Real Estate


How banks cheat you on your mortgage


Posted By on Oct 6, 2017

Though it’s a shame to say so, not all lenders are honest. While we might hope that those we deal with in business or with private loans are upright and eager to follow the rules, that isn’t always the case. That lack of honesty can mean a lot of bad things can happen to your finances if you aren’t careful. Even worse, you could lose not just some money or your credit score, you could lose your home.

It’s important to be aware of the ways lenders can take advantage of homeowners. With the help of the Gagnon, Peacock and Vereeke site, here is a list of potentially illegal practices a lender may try to pull on you.

  1. A failure to provide proper notice

Keep track of every notice you receive, because if there has not been enough given, you may be entitled to sue and keep your home. It’s required that banks give notice of missed payments and notify you when your home may be foreclosed upon. If they failed to do that, you have a case.

  1. Lender bad faith

Did your lender refuse to let you pay? No matter the reasoning behind this, if you made a good faith effort to make a payment and your mortgage company refused to take it, you once again have a case that any foreclosure is not due to your own fault. Missed payments would be on the bank.

  1. Overcharging for late payments

It’s a common practice for late payments to come with a fee. However, if your bank was overcharging for these late payments, and that led to a greater increase in your debt which resulted in a foreclosure, you shouldn’t be held responsible for it. This shameful activity should be stopped immediately. It’s another good reason to hold on to any statements you receive and to watch your bank balance to make sure there are no extra fees being taken out.

  1. Predatory Lending

This term became national news during the Great Recession, but unfortunately, such practices continue today. Predatory lending means a bank offers extremely unfair terms for a loan and it doesn’t explain those terms upfront. If you signed up for a loan and only found out later that the interest rates were far higher, the fees much greater, and those facts made the loan impossible to pay back, then you should be looking at contacting a lawyer.
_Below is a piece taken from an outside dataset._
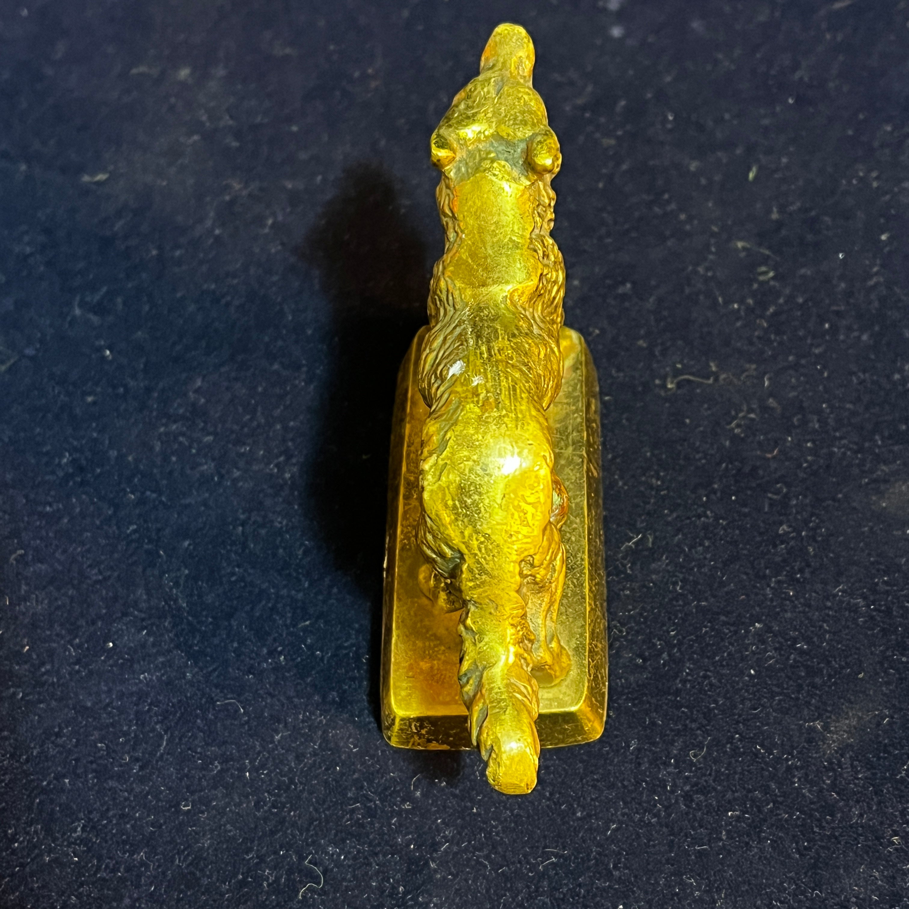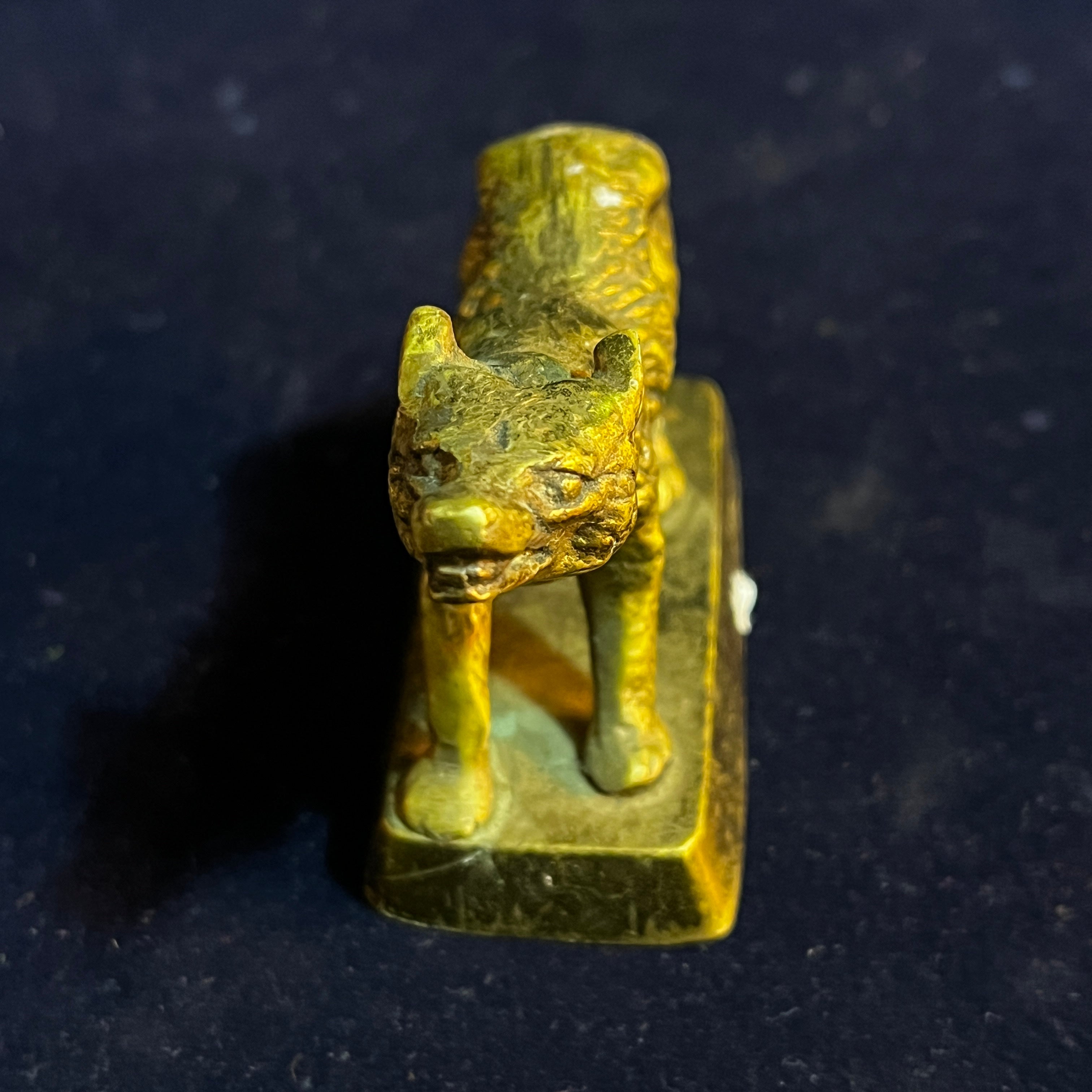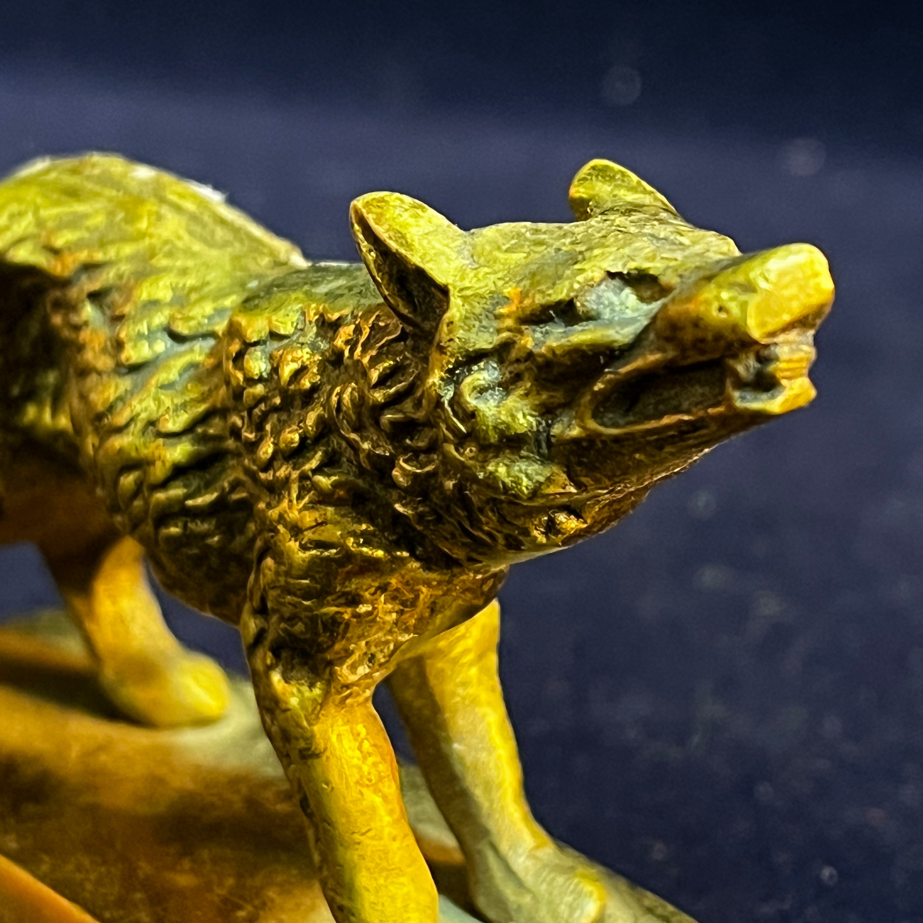 Figura de bronce, de origen francés, representando a un lobo, gruñendo. La figura, que está sobre un pedestal de bronce hecho en la misma pieza, captura muy bien la actitud agresiva del animal y la textura de su pelaje.

While I wouldn’t wish any of these things to happen to anyone, it’s important to be aware of the practices upfront so you can better protect yourself. Forewarned is forearmed, as they say, and knowing that any of these are possible will give you the chance to keep an eye on your bank.

Always remember, a bank is a business, and businesses want to make money. While many bankers are upstanding people, none of them are your friends, and some of them are as unethical as people in any other profession. Keep your eyes open and don’t take anything at face value.